#### Source material
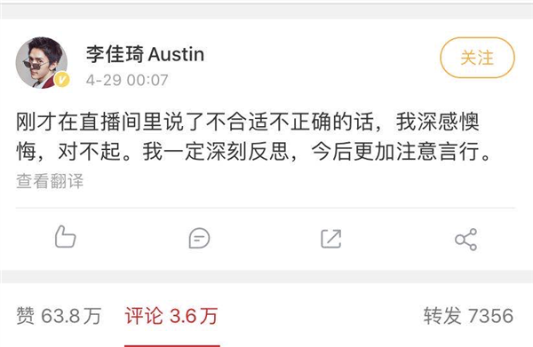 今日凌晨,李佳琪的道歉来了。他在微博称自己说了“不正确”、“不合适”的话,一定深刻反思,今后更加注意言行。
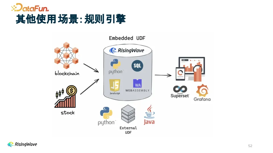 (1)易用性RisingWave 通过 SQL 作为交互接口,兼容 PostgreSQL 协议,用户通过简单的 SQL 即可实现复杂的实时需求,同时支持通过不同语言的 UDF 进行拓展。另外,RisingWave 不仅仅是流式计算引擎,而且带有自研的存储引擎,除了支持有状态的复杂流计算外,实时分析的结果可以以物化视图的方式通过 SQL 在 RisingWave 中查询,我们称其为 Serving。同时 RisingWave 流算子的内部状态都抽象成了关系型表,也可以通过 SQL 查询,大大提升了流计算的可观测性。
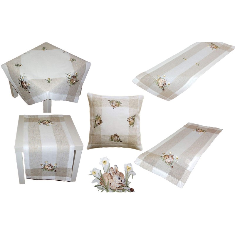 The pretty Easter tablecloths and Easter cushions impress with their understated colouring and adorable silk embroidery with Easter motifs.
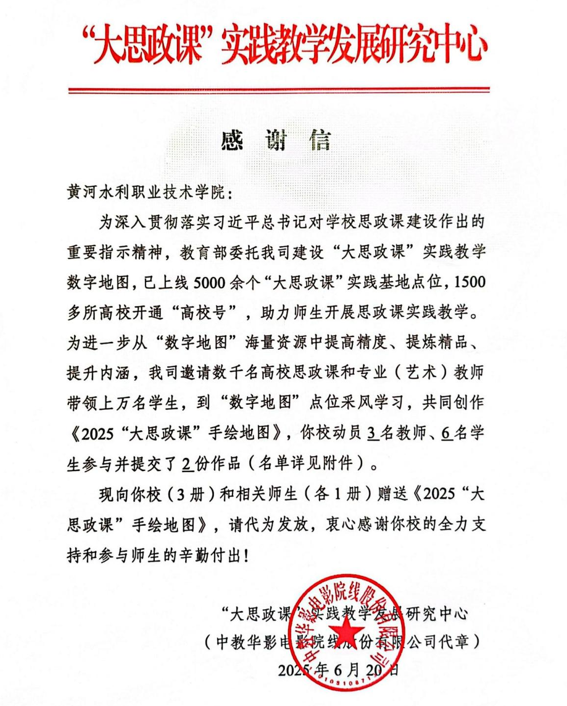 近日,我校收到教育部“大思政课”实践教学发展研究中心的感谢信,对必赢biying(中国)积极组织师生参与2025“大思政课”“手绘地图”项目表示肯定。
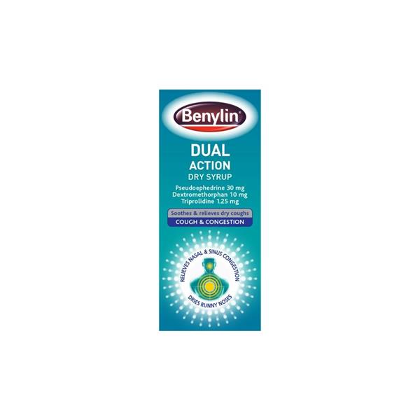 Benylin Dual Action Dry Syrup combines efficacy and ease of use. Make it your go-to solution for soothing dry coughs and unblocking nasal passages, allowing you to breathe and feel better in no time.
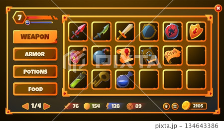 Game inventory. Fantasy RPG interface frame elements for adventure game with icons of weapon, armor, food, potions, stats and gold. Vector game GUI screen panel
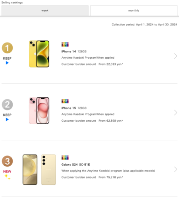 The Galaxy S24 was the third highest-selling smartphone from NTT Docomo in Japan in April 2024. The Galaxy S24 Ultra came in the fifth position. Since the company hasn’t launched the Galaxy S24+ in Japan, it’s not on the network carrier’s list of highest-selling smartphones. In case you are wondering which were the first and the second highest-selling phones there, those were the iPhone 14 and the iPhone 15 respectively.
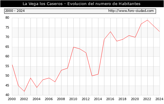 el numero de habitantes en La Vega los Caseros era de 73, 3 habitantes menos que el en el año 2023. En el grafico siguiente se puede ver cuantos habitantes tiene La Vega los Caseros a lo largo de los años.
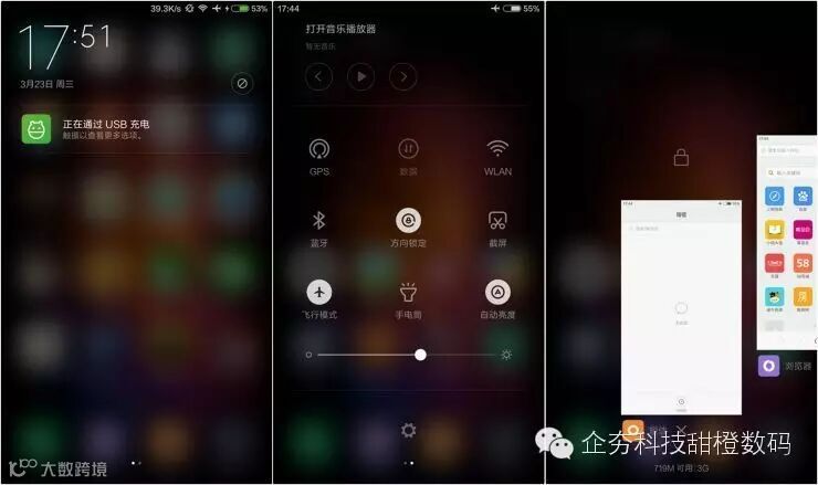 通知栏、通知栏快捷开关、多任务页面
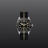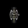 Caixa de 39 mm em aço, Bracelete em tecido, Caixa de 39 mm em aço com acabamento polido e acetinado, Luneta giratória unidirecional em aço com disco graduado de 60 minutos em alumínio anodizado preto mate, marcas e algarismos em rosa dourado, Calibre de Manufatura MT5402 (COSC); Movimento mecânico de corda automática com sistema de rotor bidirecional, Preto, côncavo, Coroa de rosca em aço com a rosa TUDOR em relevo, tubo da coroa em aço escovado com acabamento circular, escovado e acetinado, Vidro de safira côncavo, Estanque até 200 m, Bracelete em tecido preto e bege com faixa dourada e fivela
########
(Task description) Copy out each record word for word and omit any pictures.

(Problem solution)
 今日凌晨,李佳琪的道歉来了。他在微博称自己说了“不正确”、“不合适”的话,一定深刻反思,今后更加注意言行。
 (1)易用性RisingWave 通过 SQL 作为交互接口,兼容 PostgreSQL 协议,用户通过简单的 SQL 即可实现复杂的实时需求,同时支持通过不同语言的 UDF 进行拓展。另外,RisingWave 不仅仅是流式计算引擎,而且带有自研的存储引擎,除了支持有状态的复杂流计算外,实时分析的结果可以以物化视图的方式通过 SQL 在 RisingWave 中查询,我们称其为 Serving。同时 RisingWave 流算子的内部状态都抽象成了关系型表,也可以通过 SQL 查询,大大提升了流计算的可观测性。
 The pretty Easter tablecloths and Easter cushions impress with their understated colouring and adorable silk embroidery with Easter motifs.
 近日,我校收到教育部“大思政课”实践教学发展研究中心的感谢信,对必赢biying(中国)积极组织师生参与2025“大思政课”“手绘地图”项目表示肯定。
 Benylin Dual Action Dry Syrup combines efficacy and ease of use. Make it your go-to solution for soothing dry coughs and unblocking nasal passages, allowing you to breathe and feel better in no time.
 Game inventory. Fantasy RPG interface frame elements for adventure game with icons of weapon, armor, food, potions, stats and gold. Vector game GUI screen panel
 The Galaxy S24 was the third highest-selling smartphone from NTT Docomo in Japan in April 2024. The Galaxy S24 Ultra came in the fifth position. Since the company hasn’t launched the Galaxy S24+ in Japan, it’s not on the network carrier’s list of highest-selling smartphones. In case you are wondering which were the first and the second highest-selling phones there, those were the iPhone 14 and the iPhone 15 respectively.
 el numero de habitantes en La Vega los Caseros era de 73, 3 habitantes menos que el en el año 2023. En el grafico siguiente se puede ver cuantos habitantes tiene La Vega los Caseros a lo largo de los años.
 通知栏、通知栏快捷开关、多任务页面
 Caixa de 39 mm em aço, Bracelete em tecido, Caixa de 39 mm em aço com acabamento polido e acetinado, Luneta giratória unidirecional em aço com disco graduado de 60 minutos em alumínio anodizado preto mate, marcas e algarismos em rosa dourado, Calibre de Manufatura MT5402 (COSC); Movimento mecânico de corda automática com sistema de rotor bidirecional, Preto, côncavo, Coroa de rosca em aço com a rosa TUDOR em relevo, tubo da coroa em aço escovado com acabamento circular, escovado e acetinado, Vidro de safira côncavo, Estanque até 200 m, Bracelete em tecido preto e bege com faixa dourada e fivela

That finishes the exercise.